Cablers look to get leg up in latenight

FX, Lifetime see bucks, branding in new beachhead

A number of cablers are determined to conquer television’s final frontier: latenight.

FX will field two provocative unscripted half-hours this summer, topical, pop culture-driven shows fronted by Russell Brand and W. Kamau Bell. Lifetime is adding a femme-focused interview show hosted by British TV personality Amanda de Cadenet.

Bravo made a big move in the post-primetime daypart at the start of this year in expanding Andy Cohen’s “Watch What Happens” franchise from a weekly berth to a live Sunday-Thursday run.

The expansion of original programming ambitions beyond primetime is a natural evolutionary step for established basic cablers. First and foremost, there are advertising dollars to be had; according to Kantar Media, marketers spent about $4.1 billion last year on cable latenight (defined as 11 p.m.-5 a.m.), up from $3.9 billion in 2010.

It’s also a way to capitalize on investments in other original series programming by channeling that audience into other homegrown fare rather than into reruns or off-network acquisitions. (Sometimes it works the other way around: TBS recently gave a much-needed “Big Bang Theory” lead-in boost to its investment in Conan O’Brien.)

But just as important to programmers is the opportunity to enhance the channel’s brand image by putting its spin on latenight programming, as Comedy Central has done for years with the inimitable “Daily Show” and “The Colbert Report.”

When FX execs first heard that British comedian Brand was shopping his idea for a TV show that would feature him riffing on headlines, politics and pop culture with a studio audience, they pursued it aggressively because he and the concept seemed such a perfect fit with FX’s edgy scripted comedies, according to Nick Grad, FX’s exec veep of original programming.

Bell teamed with Chris Rock as a producer on a presentation reel for a show designed to tackle head on taboo subjects ranging from race, religion and politics to the media and sex in a weekly half-hour. The prototype sold itself in the room, according to Grad.

FX tried a more conventional latenight yakker approach (a couch, celeb guests, etc.) nearly a decade ago with “The Orlando Jones Show,” which flamed out pretty quickly.

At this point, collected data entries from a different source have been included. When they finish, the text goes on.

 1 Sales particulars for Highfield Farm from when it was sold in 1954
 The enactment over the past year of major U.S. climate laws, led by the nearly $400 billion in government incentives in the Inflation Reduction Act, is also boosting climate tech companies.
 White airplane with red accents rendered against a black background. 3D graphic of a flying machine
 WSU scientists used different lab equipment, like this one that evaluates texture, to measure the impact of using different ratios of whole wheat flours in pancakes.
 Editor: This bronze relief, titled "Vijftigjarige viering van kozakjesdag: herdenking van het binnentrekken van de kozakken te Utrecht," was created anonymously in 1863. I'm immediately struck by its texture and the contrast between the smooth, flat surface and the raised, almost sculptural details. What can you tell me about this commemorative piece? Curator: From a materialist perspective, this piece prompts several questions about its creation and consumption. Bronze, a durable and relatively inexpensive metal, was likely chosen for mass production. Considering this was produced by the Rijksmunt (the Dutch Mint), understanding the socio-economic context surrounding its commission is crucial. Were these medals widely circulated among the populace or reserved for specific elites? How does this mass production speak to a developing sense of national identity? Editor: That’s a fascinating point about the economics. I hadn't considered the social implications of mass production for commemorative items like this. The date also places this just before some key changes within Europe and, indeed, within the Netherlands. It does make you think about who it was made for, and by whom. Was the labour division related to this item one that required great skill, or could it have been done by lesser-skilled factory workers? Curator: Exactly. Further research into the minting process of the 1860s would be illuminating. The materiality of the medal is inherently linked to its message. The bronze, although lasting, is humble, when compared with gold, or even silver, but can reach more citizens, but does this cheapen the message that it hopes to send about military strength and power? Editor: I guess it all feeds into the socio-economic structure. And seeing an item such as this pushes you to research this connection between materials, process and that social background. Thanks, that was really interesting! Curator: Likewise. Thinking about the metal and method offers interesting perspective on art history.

“A big hallmark of our brand is originality,” says Grad. “We’re not doing a latenight show just to do a latenight show, but we see (Brand and Bell) as extensions of our comedy brand. We define that as shows that are really funny but also have a really strong point of view about something.”

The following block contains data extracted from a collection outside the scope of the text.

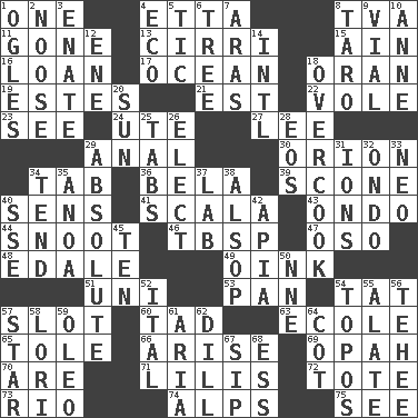 ACROSS 1. Single 4. Singer James 8. Federal power corp. 11. Went 13. High-altitude cloud 15. The 18th letter of the Arabic alphabet 16. Grant temporary use of 17. Sea 18. Northwest Algerian city 19. _____ Park, CO 21. Eastern Standard Time (abbr.) 22. Short-tailed, large-bodied rat 23. Perceive with the eye 24. Shoshoni 27. Area sheltered from the wind 29. Of or related to the anus 30. Constellation of myth 34. Bar bill 36. Actor Lugosi 39. Biscuitlike quick bread 40. Elected reps. 41. Any of the three canals of the cochlea 43. Southwest Nigerian state 44. Snout, nose 46. Cook's measure (abbr.) 47. Bear (Spanish) 48. Peak District village in England 49. Pig sound 51. Corn or form start 53. Baking dish 54. Make lace 57. Groove 60. Small boy 63. Learning spot: Fr. 65. Lacquered or enameled metalware 66. Originate 69. Brightly colored fish 70. "We ___ not amused" (Victoria) 71. Ms. Damita and namesakes 72. Carryall 73. _ de Janeiro 74. High mountains 75. Observe DOWN 1. Stares 2. Trap for birds or small mammals 3. Related on the mother's side 4. Environmental prefix 5. Nervous spasm 6. Woody plant 7. Ancient river in northeast Turkey 8. Edible starchy tuberous root 9. Small bottle 10. Singer Murray 12. Compass dir. 14. International (abbr.) 18. Burn the roast 20. Player for Phoenix 25. Bar bills 26. Choose 28. Greek goddess of the dawn 29. Utter; complete 31. Charged particles 32. Southwest Nigerian state 33. Modern: prefix 34. Watch over 35. Small Philippine buffalo 37. Experiment locale 38. Columnist Joseph or Stewart 40. Compass dir. 42. Capital of Western Samoa 45. Nine, plus one 50. Compass dir. 52. Slanted text style (abbr.) 54. Traditional theme or motif 55. Having winglike extensions 56. Giggle 57. Play the lead 58. Australian parrot (variant) 59. Butter sub 61. Operatic vocal solo 62. Deli pickle 64. Small bed 67. Small drink 68. Double-curved letter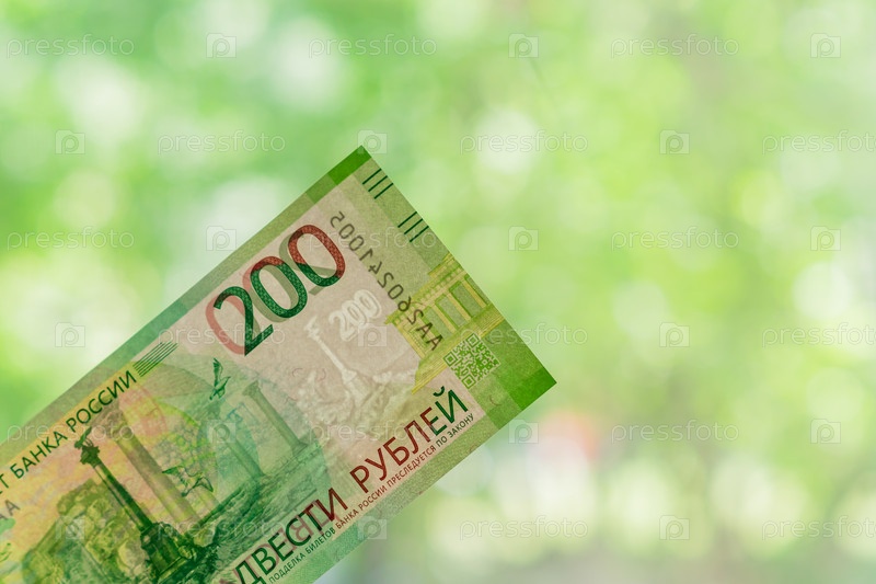 Новая российская банкнота на зеленом фоне боке. двести рублей. Наличные бумажные деньги
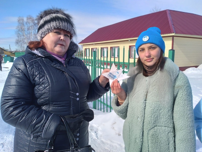 К акции присоединились Волонтеры Победы Тальменского района. Активисты школьных отрядов проводили мастер-классы и учили учеников складывать листовки в форме звезды. А после все вместе они раздавали звезды Героев и рассказывали жителям района о выдающихся земляках.

The Brand show, “Strangely Uplifting,” is set to bow Thursday, June 28, at 11 p.m., coming out of the season preems of “Wilfred” and “Louie.” The Bell show will bow later in the summer, possibly on the same night but not as a companion to Brand. FX has given both shows an initial six-seg order.

Lifetime is pairing the April 26 launch of “The Conversation With Amanda de Cadenet” at 11 p.m. with the 10 p.m. bow of reality skein “7 Days of Sex.” The hourlong show, exec produced by Demi Moore, promises “intimate” interviews with Lifetime-friendly stars such as Jane Fonda, Lady Gaga, Gwyneth Paltrow, Miley Cyrus and Eva Longoria, as well a “Women on the Street” seg showcasing regular-gal concerns. Show has an eight-episode order.

The timing of the latenight push by FX and Lifetime is no coincidence. As upfront selling season approaches, programming expansion signals a cabler on the move.

“Our sales guys love the idea of (latenight shows),” Grad says. “They’ve been able to sell our comedy brand really well. When we say that we’re going to add to it, they say ‘Yes, please.’ ”

The global ‘Touch’

Have Kiefer, will travel.

Fox’s (nearly) global day-and-date launch of drama series “Touch” produced the desired results last week. The Kiefer Sutherland starrer opened big in the U.K., Italy, Germany, Spain, Russia and Latin America, among other markets.

The success of “Touch” and other such rollouts, spurred by Fox Intl. Channels’ innovative handling of “The Walking Dead,” ensures that a worldwide launch will become de rigueur for big TV bets just as it is for blockbuster features.